◆ Provided records ◆
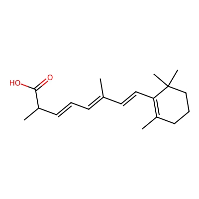 | CCSBASE_7B05053F12 | Isotretinon_met001 | [M+Na]+ | 311.1987 | 168.6 | CC1=C(C(CCC1)(C)C)/C=C/C(=C/C=C/C(C)C(=O)O)/C | Lipids and lipid-like molecules | 1 | 25 | DT | single field, calibrated | |
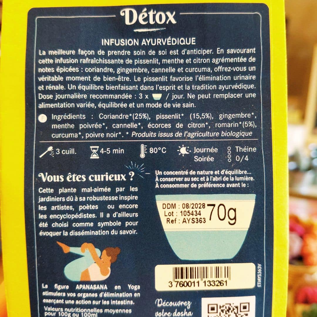 Coriandre* (25%), pissenlit*, gingembre*, menthe poivrée*, cannelle*, écorces de citron*, romarin* (5%), curcuma* (3%), poivre noir*.
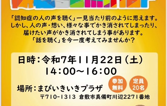 活動報告 はるそらゼミナールを開催しました(R7.11.22) 皆さま、お久しぶりです。長らく更新をお休みしておりましたが、少しずつ再開していきます。11月22日に、傾聴ボランティア「とよあけ」代表の小菅もと子さんをお招きし、認知症の人の「声を聴く」を考える傾聴セミナーを開催しました。介護家族や専門職の... 2025.12.03 活動報告
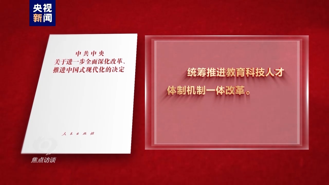 教育、科技、人才是中国式现代化的基础性、战略性支撑。《决定》把创新摆在突出位置,鲜明提出“统筹推进教育科技人才体制机制一体改革”,这是继党的二十大对教育、科技、人才进行专章部署后,又一项重大战略部署。
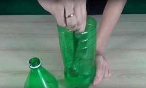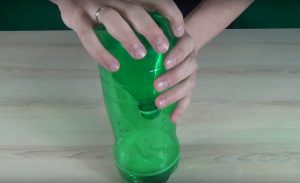 Odciętą szyjkę umieść w butelce do góry dnem. Aby je skleić, można użyć kleju lub taśmy klejącej.
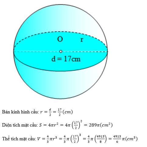 Một quả bóng World Cup xem như một hình cầu có đường kính là 17cm. Tính diện tích mặt cầu và thể tích hình cầu
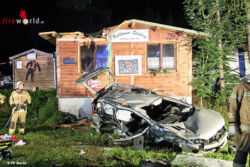 Ein Pkw war mit drei jungen Männern aus ungeklärter Ursache ins Schleudern geraten und von der Bundesstraße abgekommen. Durch den Aufprall auf die Böschung einer Nebenstraße katapultierte das Fahrzeug in die Höhe und schlug am Dach eines Imbissstandes ein. Nachbarn, Zirkusleute und Passanten kümmerten sich sofort vorbildlich um die verunfallten Personen. Auch die Rettungskräfte – Rotes Kreuz, Polizei und Feuerwehr – waren innerhalb kurzer Zeit vor Ort und leisteten Erste Hilfe.
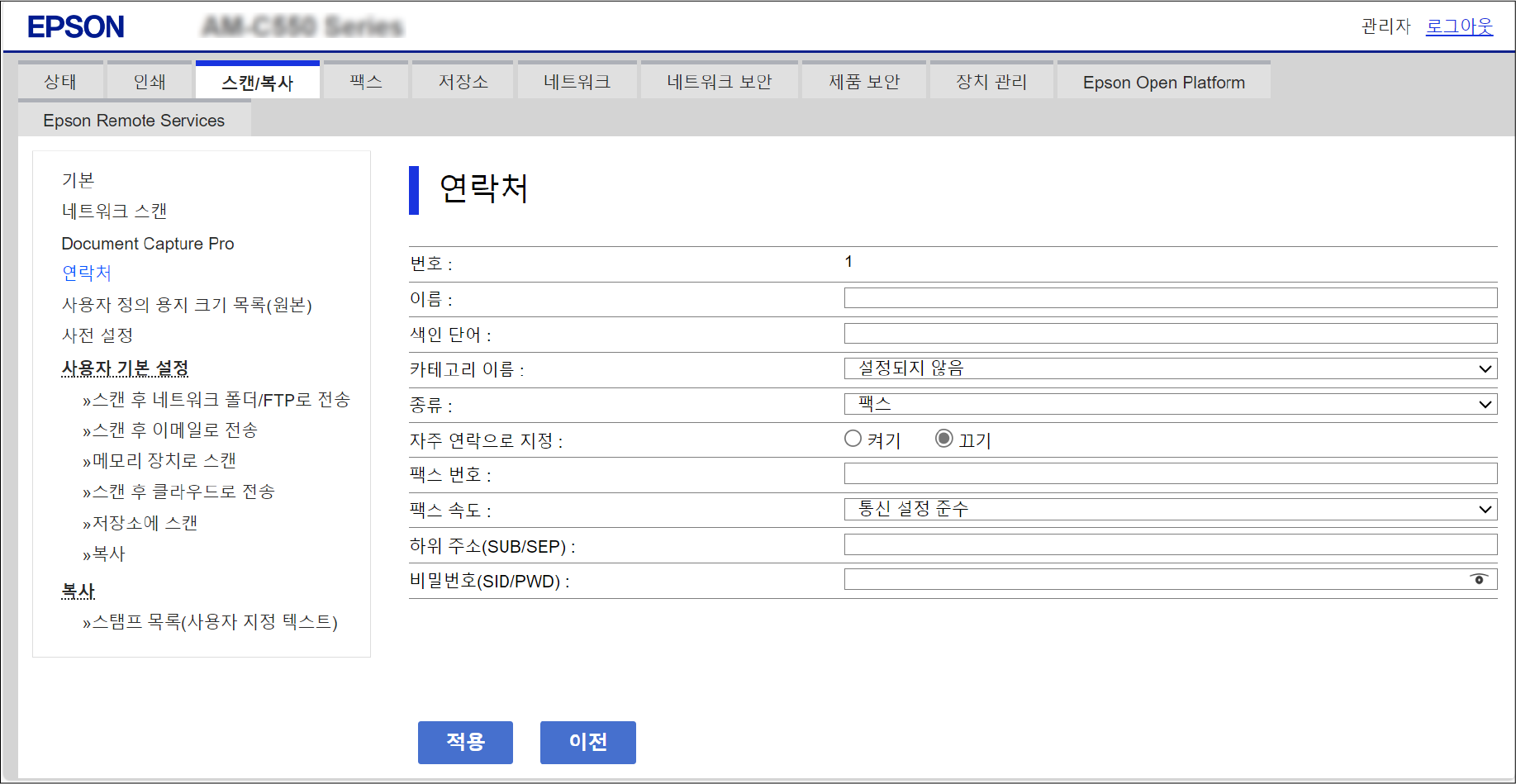 네트워크 폴더에 액세스하기 위한 사용자 이름을 유니코드(UTF-8) 30자 이내로 입력합니다. 단, 제어 문자 (0x00 ~ 0x1f, 0x7F)는 사용하지 마십시오. |

◆ Task item ◆
Make a word-for-word copy of the entries, without any pictures.

◆ Solution below ◆
 | CCSBASE_7B05053F12 | Isotretinon_met001 | [M+Na]+ | 311.1987 | 168.6 | CC1=C(C(CCC1)(C)C)/C=C/C(=C/C=C/C(C)C(=O)O)/C | Lipids and lipid-like molecules | 1 | 25 | DT | single field, calibrated | |
 Coriandre* (25%), pissenlit*, gingembre*, menthe poivrée*, cannelle*, écorces de citron*, romarin* (5%), curcuma* (3%), poivre noir*.
 活動報告 はるそらゼミナールを開催しました(R7.11.22) 皆さま、お久しぶりです。長らく更新をお休みしておりましたが、少しずつ再開していきます。11月22日に、傾聴ボランティア「とよあけ」代表の小菅もと子さんをお招きし、認知症の人の「声を聴く」を考える傾聴セミナーを開催しました。介護家族や専門職の... 2025.12.03 活動報告
 教育、科技、人才是中国式现代化的基础性、战略性支撑。《决定》把创新摆在突出位置,鲜明提出“统筹推进教育科技人才体制机制一体改革”,这是继党的二十大对教育、科技、人才进行专章部署后,又一项重大战略部署。
 Odciętą szyjkę umieść w butelce do góry dnem. Aby je skleić, można użyć kleju lub taśmy klejącej.
 Một quả bóng World Cup xem như một hình cầu có đường kính là 17cm. Tính diện tích mặt cầu và thể tích hình cầu
 Ein Pkw war mit drei jungen Männern aus ungeklärter Ursache ins Schleudern geraten und von der Bundesstraße abgekommen. Durch den Aufprall auf die Böschung einer Nebenstraße katapultierte das Fahrzeug in die Höhe und schlug am Dach eines Imbissstandes ein. Nachbarn, Zirkusleute und Passanten kümmerten sich sofort vorbildlich um die verunfallten Personen. Auch die Rettungskräfte – Rotes Kreuz, Polizei und Feuerwehr – waren innerhalb kurzer Zeit vor Ort und leisteten Erste Hilfe.
 네트워크 폴더에 액세스하기 위한 사용자 이름을 유니코드(UTF-8) 30자 이내로 입력합니다. 단, 제어 문자 (0x00 ~ 0x1f, 0x7F)는 사용하지 마십시오. |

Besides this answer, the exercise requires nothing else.